Chass Brown chass at allegiance.tv
Mon Oct 18 09:20:23 PDT 2004


Aye I cringe when I see people first starting off forging and using OMG 
heavy hammers... it takes them a while to learn you have to coax the metal 
not beat it into submission. Tis kinda hard to explain to those who have not 
worked metal.

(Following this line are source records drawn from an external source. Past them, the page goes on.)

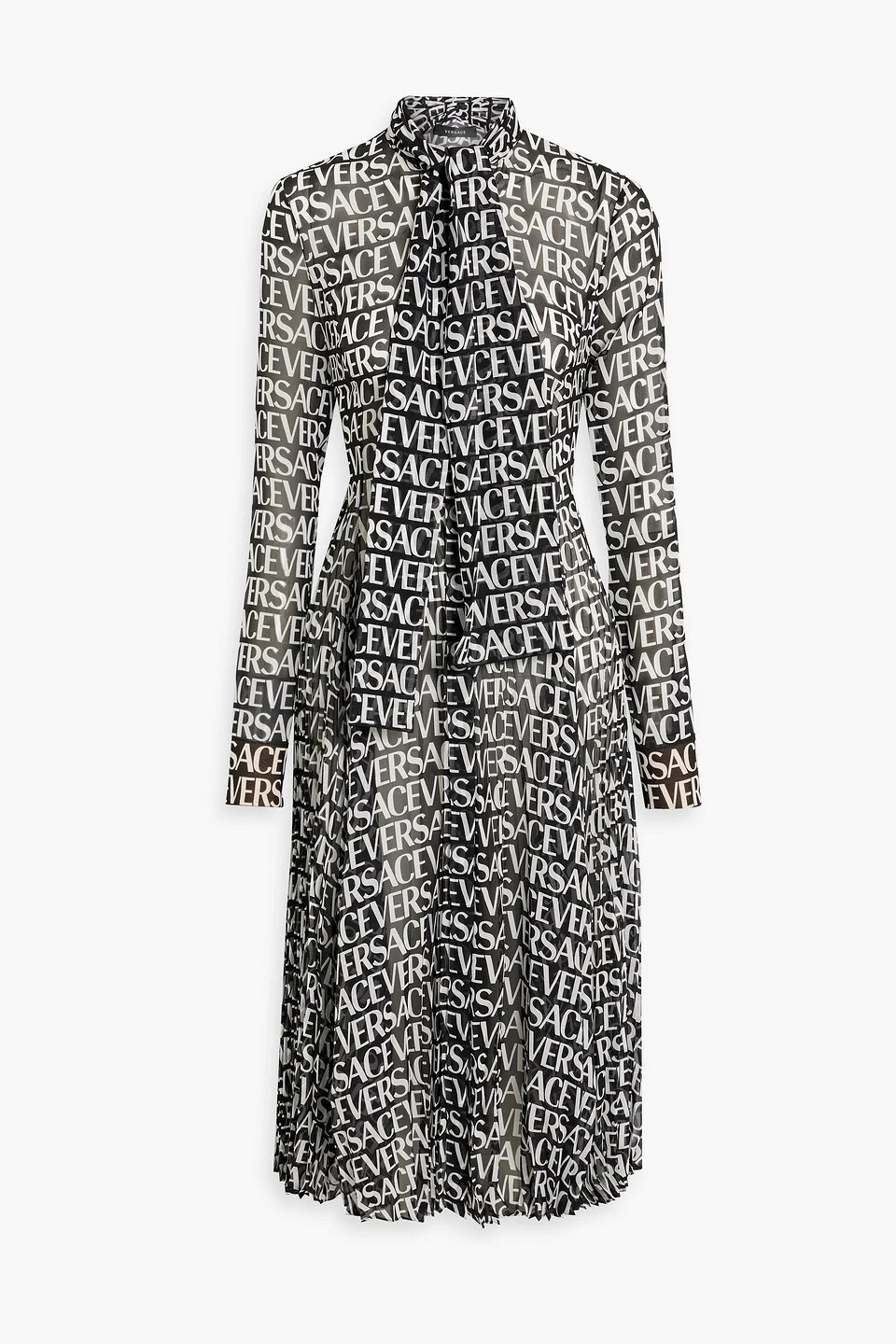 Dress logo-print silk-chiffon pleated neckties buttoned cuffs concealed button fastenings through front lightweight, non-stretchy fabric dry clean made in italy 100% Silk Product Code 1647597340103190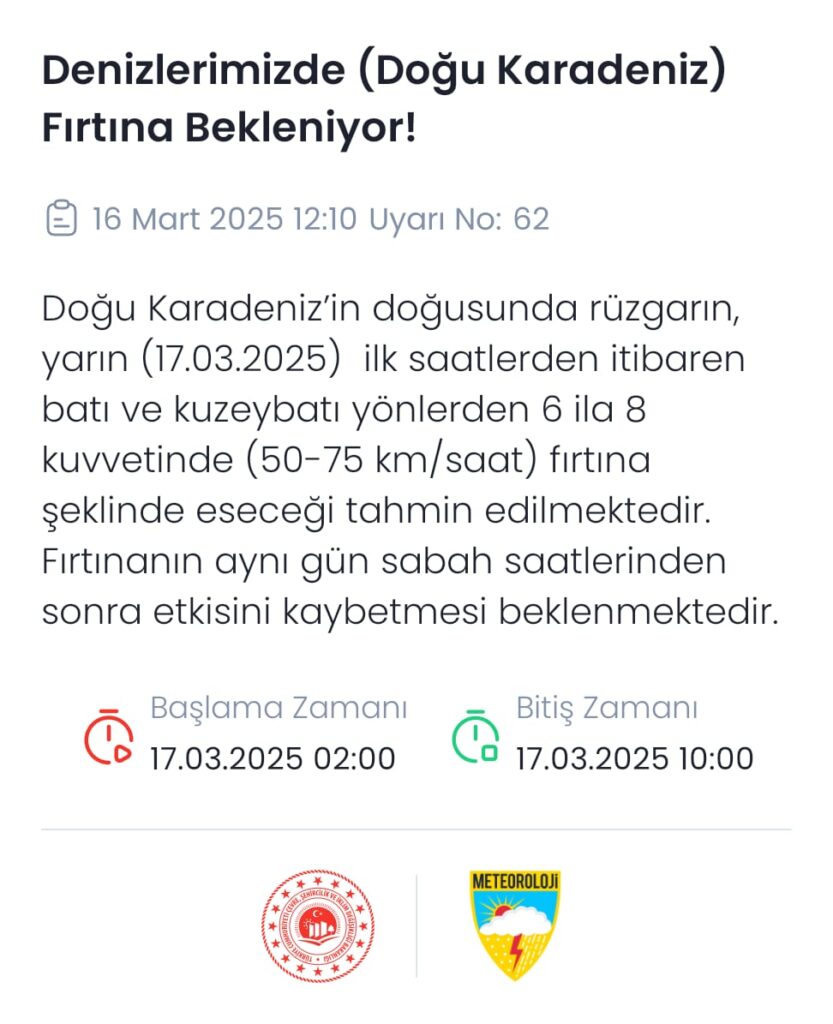 🟢 Rüzgar Hızı: 50-70 km/saat, Doğu Karadeniz’in yükseklerinde 80-90 km/saat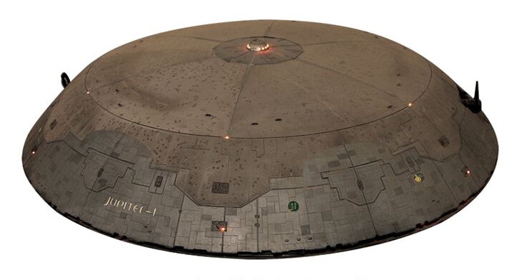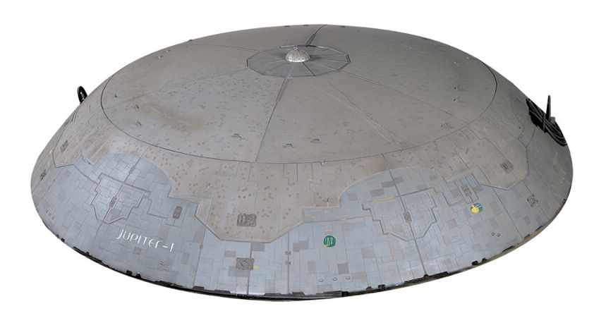 "Jupiter-1" 78 in. spaceship filming miniature from Lost in Space. ( New Line, 1998 ) The massive Jupiter-1 spacecraft was used to launch the smaller Jupiter-2 into orbit in the 1998 feature film. Intended to showcase the upper sections of the craft, the miniature measures 78 in. in diameter and is constructed with a steel substructure under a highly detailed resin hull hand etched and molded with high-tech detailing and painted in various shades of gray with silver accents. Labeled, "Allied Space Organization of Mexico America and Canada", "Jupiter-1", "A.S.O.M.A.C.", "Jupiter Mission", "J1" and "277-2211". The bottom portion of the saucer shaped craft is intentionally absent. Functional electronics illuminate areas of the sides and top of the craft. Two small sections that appear to be hangar doors are absent where hardware is installed for the ship to hang for display.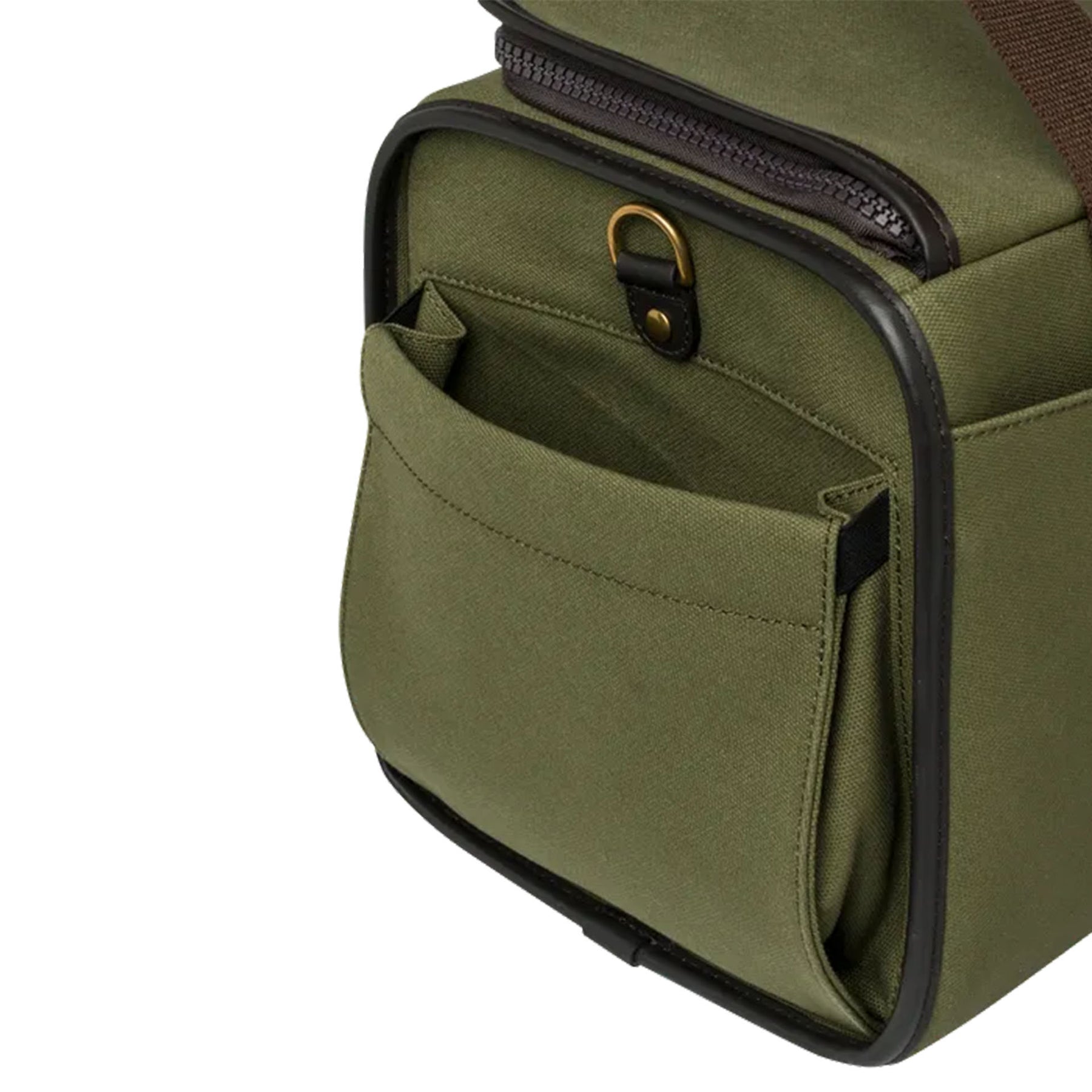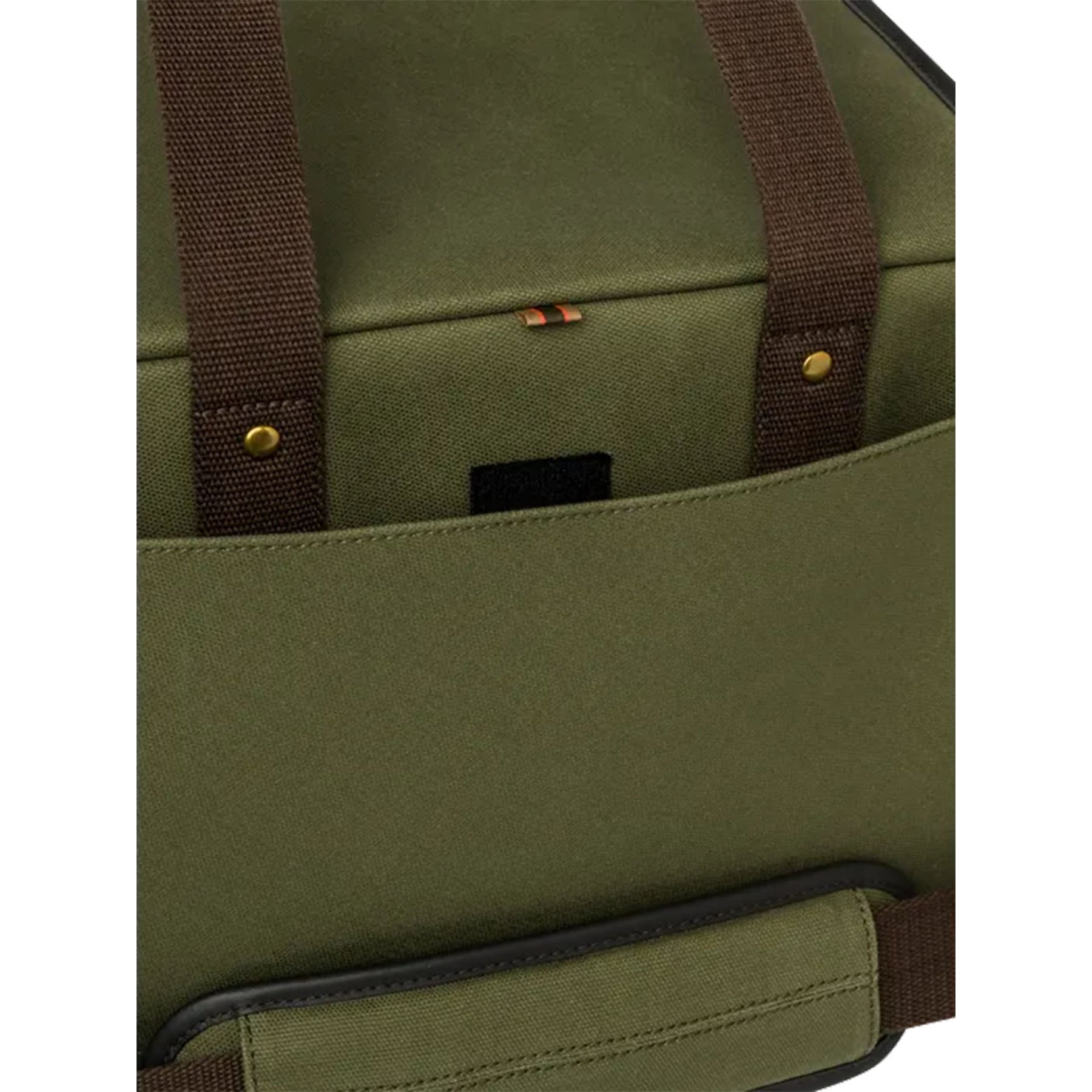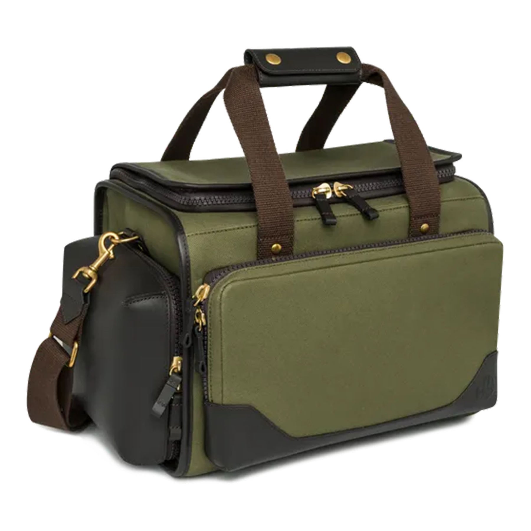 Field bag ideal for both clay shooting and hunting. Made of durable canvas with leather details, it is designed to carry approximately 150 cartridges.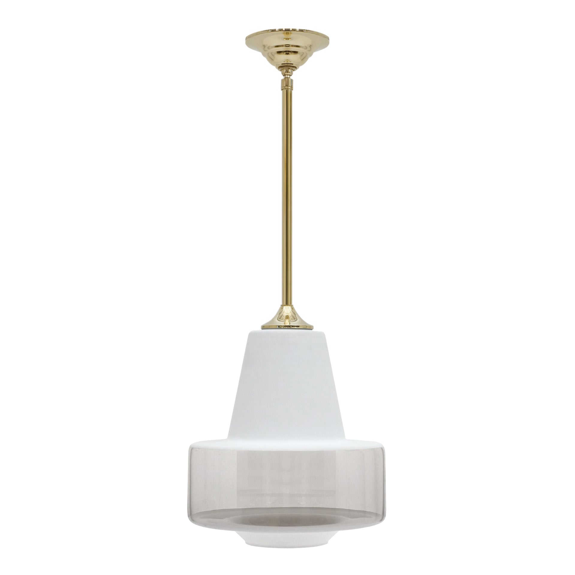 Italian Mid Century frosted white and clear glass pendant light with brass mounts and canopy. Newly wired for US Specifications (Not UL Listed)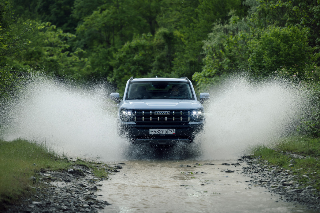 Вспоминаем про «внедорожный потенциал» кроссовера и съезжаем на каменистый берег реки Шахе. Клиренс 196 мм и углы въезда/съезда 21 и 25 градусов внушают некоторую уверенность, однако все равно волнительно. Раскачиваясь на валунах, Haval H3 пробуксовывает, но белый флаг не выбрасывает. Нежная коробка перегреть себя не дает: до характерного запаха дело дошло, до предупреждения на приборке — нет. Выкарабкался. Похвально.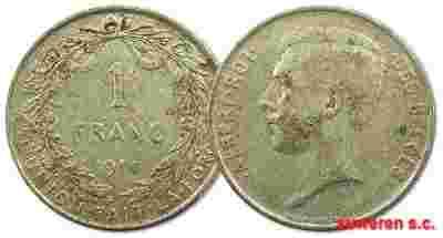 46.BELGIA, ALBERT I, 1 FRANK 1911 DES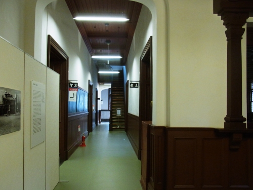 階段のあるホールから廊下を見たところ。こちらは実際に使用されている部分だからか、床といい壁といい廊下の照明といい、実用的なものになっています。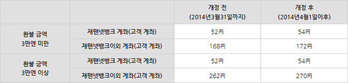 ※ 2014년3월31일까지 환불신청을 하셔도, 실제로 환불되는 수수료는 적용되는 일시의 개정후 수수료에 따라 결정되오니, 환불신청시에 표시된 수수료 금액과 다를 수 있습니다.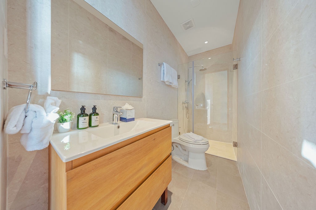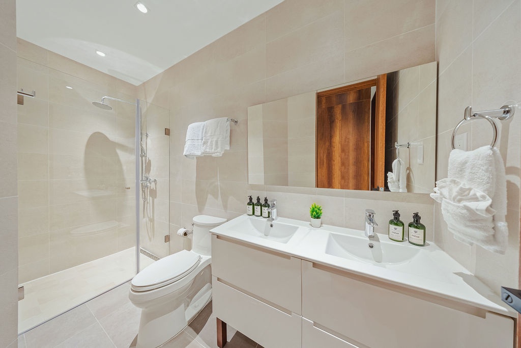 The suite features two spacious bedrooms, each with a king size bed, ample closet space, and its own en suite bathroom, offering privacy and comfort for everyone. With three full bathrooms in total, the home is well suited for families or groups traveling together.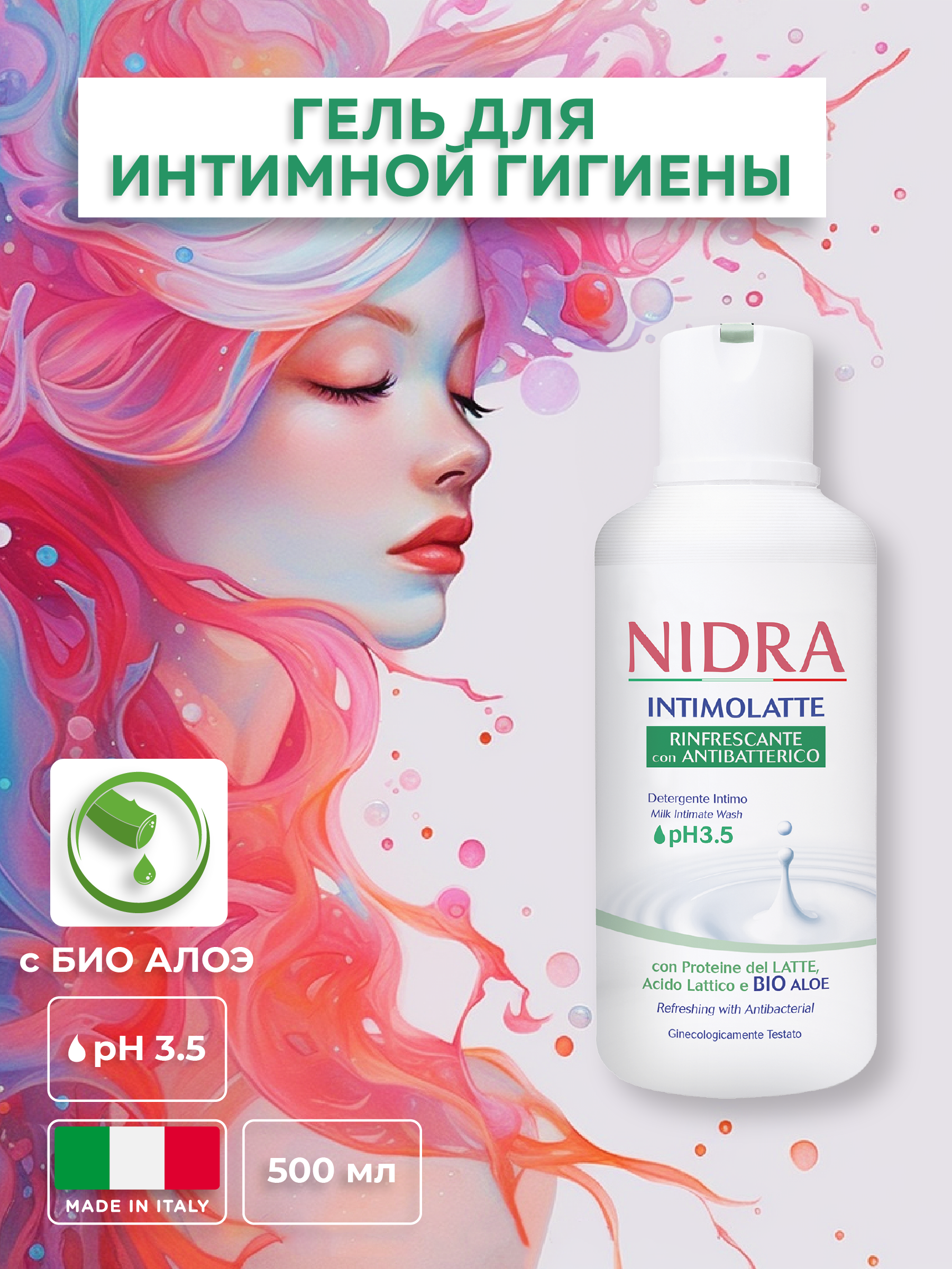 Гель для интимной гигиены Nidra освежающий с молочными протеинами и алоэ 500 мл информация:

I once had to try and convince a person not to use a regular 
sledge hammer with the handle cut down lol realize I failed to talk him 
outta it... he now uses a much lighter one lol.

Chass of Rundel of Ansteorra aka of the SCA aka
Charinthalis Del Sans of the portable Chariot
Honorable Recruiter of the House of the Red Shark (Have you seen my Belaying 
Pin??)
Maison Du Corsaire Rouge
Muddeler of Mead, Ailment of Ale, Whiner of wine.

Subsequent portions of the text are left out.